6.5 Multi-Domain Convergence
RF and antenna design is a cross-disciplinary field involving many disciplines, such as electromagnetics, material science, and electronic engineering. The application of AI models in this field requires the processing and integration of complex data and knowledge from different disciplines. However, multi-domain convergence faces many challenges in AI model development. Data from different disciplines may have different characteristics and formats, making it difficult to integrate. Additionally, expertise and theories in different domains must be integrated to ensure that AI models can thoroughly understand and solve problems.
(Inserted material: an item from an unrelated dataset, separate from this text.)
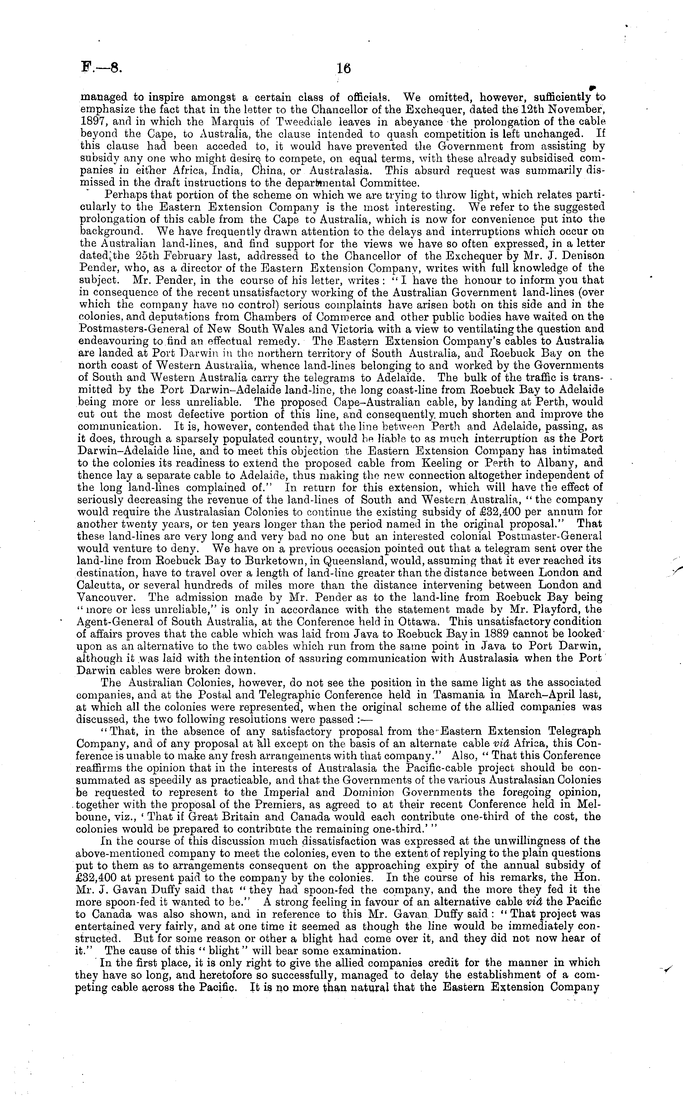 r managed to inspire amongst a certain class of officials. We omitted, however, sufficiently to emphasize the fact that in the letter to the Chancellor of the Exchequer, dated the 12th November, 1897, and in which the Marquis of Tweeddale leaves in abeyance the prolongation of the cable beyond the Cape, to Australia, the clause intended to quash competition is left unchanged. If this clause had been acceded to, it would have prevented the Government from assisting by subsidy any one who might desirq to compete, on equal terms, with these already subsidised companies in either Africa, India, China, or Australasia. This absurd request was summarily dismissed in the draft instructions to the departmental Committee. Perhaps that portion of the scheme on which we are trying to throw light, which relates particularly to the Eastern Extension Company is the most interesting. We refer to the suggested prolongation of this cable from the Cape to Australia, which is now for convenience put into the background. We have frequently drawn attention to the delays and interruptions which occur on the Australian land-lines, and find support for the views we have so often expressed, in a letter datedjthe 25th February last, addressed to the Chancellor of the Exchequer by Mr. J. DenisOn Pender, who, as a director of the Eastern Extension Company, writes with full knowledge of the subject. Mr. Pender, in the course of his letter, writes :" I have the honour to inform you that in consequence of the recent unsatisfactory working of the Australian Government land-lines (over which the company have no control) serious complaints have arisen both on this side and in the colonies, and deputations from Chambers of Commerce and other public bodies have waited on the Postmasters-General of New South Wales and Victoria with a view to ventilating the question and endeavouring to find an effectual remedy. The Eastern Extension Company's cables to Australia are landed at Port Darwin in the northern territory of South Australia, and Eoebuek Bay on the north coast of Western Australia, whence land-lines belonging to and worked by the Governments of South and Western Australia carry the telegrams to Adelaide. The bulk of the traffic is trans- ■ mitted by the Port Darwin-Adelaide land-line, the long coast-line from Eoebuek Bay to Adelaide being more or less unreliable. The proposed Cape-Australian cable, by landing at Perth, would cut out the most defective portion of this line, and consequently, much shorten and improve the communication. It is, however, contended that the line between Perth and Adelaide, passing, as it does, through a sparsely populated country, would be liable to as much interruption as the Port Darwin-Adelaide line, and to meet this objection the Eastern Extension Company has intimated to the colonies its readiness to extend the proposed cable from Keeling or Perth to Albany, and thence lay a separate cable to Adelaide, thus making the new connection altogether independent of the long land-lines complained of." In return for this extension, which will have the effect of seriously decreasing the revenue of the land-lines of South and Western Australia, " the company would require the Australasian Colonies to continue the existing subsidy of £32,400 per annum for another twenty years, or ten years longer than the period named in the original proposal." That these land-lines are very long and very bad no one but an interested colonial Postmaster-General would venture to deny. We have on a previous occasion pointed out that a telegram sent over the land-line from Eoebuek Bay to Burketown, in Queensland, would, assuming that it ever reached its destination, have to travel over a length of land-line greater than the distance between London and Calcutta, or several hundreds of miles more than the distance intervening between London and Vancouver. The admission made by Mr. Pender as to the land-line from Eoebuek Bay being " more or less unreliable," is only in accordance with the statement made by Mr. Playford, the Agent-General of South Australia, at the Conference held in Ottawa. This unsatisfactory condition of affairs proves that the cable which was laid from Java to Eoebuek Bay in 1889 cannot be looked' upon as an alternative to the two cables which run from the same point in Java to Port Darwin, although it was laid with the intention of assuring communication with Australasia when the Port Darwin cables were broken down. The Australian Colonies, however, do not see the position in the same light as the associated companies, and at the Postal and Telegraphic Conference held in Tasmania in March-April last, at which all the colonies were represented, when the original scheme of the allied companies was discussed, the two following resolutions were passed : — "That, in the absence of any satisfactory proposal from the Eastern Extension Telegraph Company, and of any proposal at all except on the basis of an alternate cable via Africa, this Conference is unable to make any fresh arrangements with that company." Also, " That this Conference reaffirms the opinion that in the interests of Australasia the Pacific-cable project should be consummated as speedily as practicable, and that the Governments of the various Australasian Colonies be requested to represent to the Imperial and Dominion Governments the foregoing opinion, together with the proposal of the Premiers, as agreed to at their recent Conference held in Melboune, viz., ' That if Great Britain and Canada would each contribute one-third of the cost, the colonies would be prepared to contribute the remaining one-third.' " In the course of this discussion much dissatisfaction was expressed at the unwillingness of the above-mentioned company to meet the colonies, even to the extent of replying to the plain questions put to them as to arrangements consequent on the approaching expiry of the annual subsidy of £32,400 at present paid to the company by t

Current AI models often focus on only one domain and lack interdisciplinary integration and collaboration, limiting their performance and application in RF and antenna design.
To address these challenges, we can implement the following approaches: (1) Set up an AI model development team of experts from different domains to ensure that multi-disciplinary knowledge and data are considered. (2) Develop a data standardization process to unify the formats of data collected from different sources, facilitating data processing and analysis by AI models. (3) Use multi-task learning technology to enable AI models to simultaneously learn multiple tasks, promoting the convergence of knowledge from different domains. (4) Implement transfer learning technology to migrate the knowledge learned in one domain to another, improving the adaptability and performance of models in the new domain. (5) Design domain-specific model architectures that can better characterize and process data and knowledge from specific disciplines. (6) Develop cross-disciplinary knowledge graphs to integrate professional knowledge in different domains and provide rich background knowledge for AI models.
7 Conclusion
In this paper, we discussed in detail the application, advantages, challenges, and future development of AI in RF and antenna design. AI technologies have demonstrated significant potential in antenna optimization, RF circuit design, and electromagnetic simulation by improving design efficiency, optimizing design results, and solving complex problems. Although AI faces many challenges in RF and antenna design, such as data quality, model selection, algorithm complexity, model explainability, and model transferability, AI still enjoys a promising prospect in this field. We believe that the continuous research and innovation on AI will facilitate more significant breakthroughs and progress in RF and antenna design. AI has opened up a new horizon for RF and antenna design by improving design efficiency and optimizing performance, facilitating the development of wireless communications. However, certain technological and data challenges need to be addressed before AI can fully unlock its potential in the field. Future research is expected to focus on improving data quality, developing more efficient algorithms, enhancing model explainability, and promoting multi-domain convergence. Such research will advance the development of wireless communications systems and deliver significant benefits to our daily lives.